Restate all data exactly. No images.

## Collected data:
################

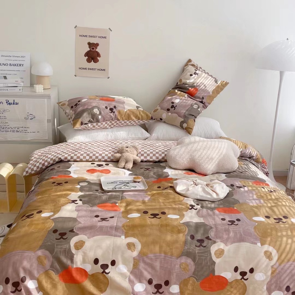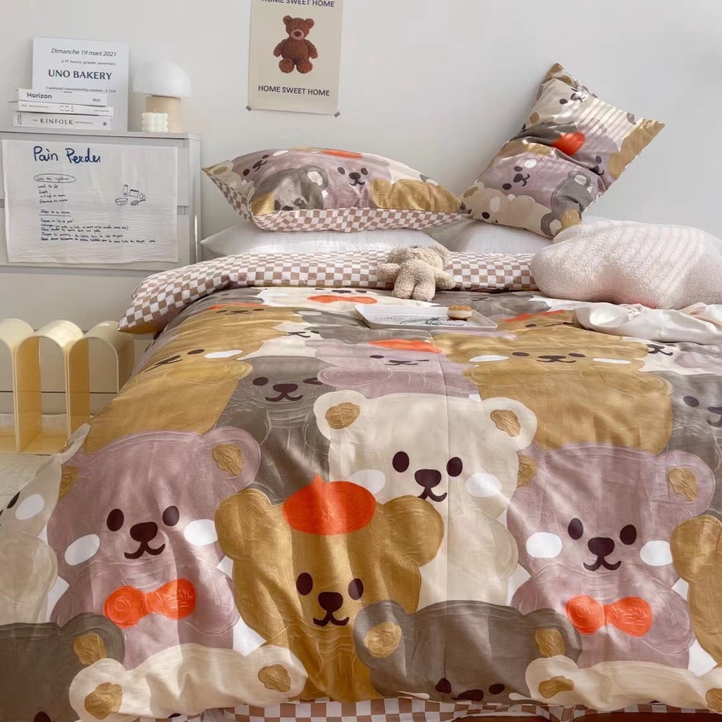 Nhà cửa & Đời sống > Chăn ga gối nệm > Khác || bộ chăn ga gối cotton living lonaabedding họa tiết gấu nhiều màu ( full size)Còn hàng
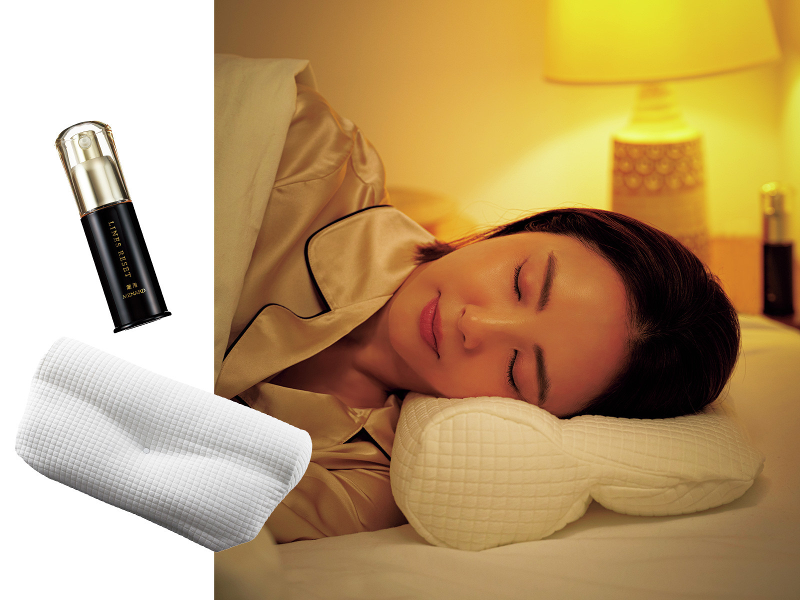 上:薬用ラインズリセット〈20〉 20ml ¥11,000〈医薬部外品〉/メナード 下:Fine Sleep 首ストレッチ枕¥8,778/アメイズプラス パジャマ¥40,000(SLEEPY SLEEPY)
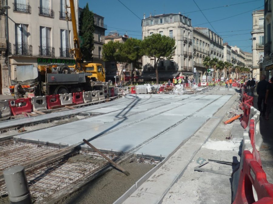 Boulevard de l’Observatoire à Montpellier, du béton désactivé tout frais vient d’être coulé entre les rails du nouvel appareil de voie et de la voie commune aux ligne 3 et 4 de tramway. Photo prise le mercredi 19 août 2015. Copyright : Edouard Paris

################

## Response area:
 Nhà cửa & Đời sống > Chăn ga gối nệm > Khác || bộ chăn ga gối cotton living lonaabedding họa tiết gấu nhiều màu ( full size)Còn hàng
 上:薬用ラインズリセット〈20〉 20ml ¥11,000〈医薬部外品〉/メナード 下:Fine Sleep 首ストレッチ枕¥8,778/アメイズプラス パジャマ¥40,000(SLEEPY SLEEPY)
 Boulevard de l’Observatoire à Montpellier, du béton désactivé tout frais vient d’être coulé entre les rails du nouvel appareil de voie et de la voie commune aux ligne 3 et 4 de tramway. Photo prise le mercredi 19 août 2015. Copyright : Edouard Paris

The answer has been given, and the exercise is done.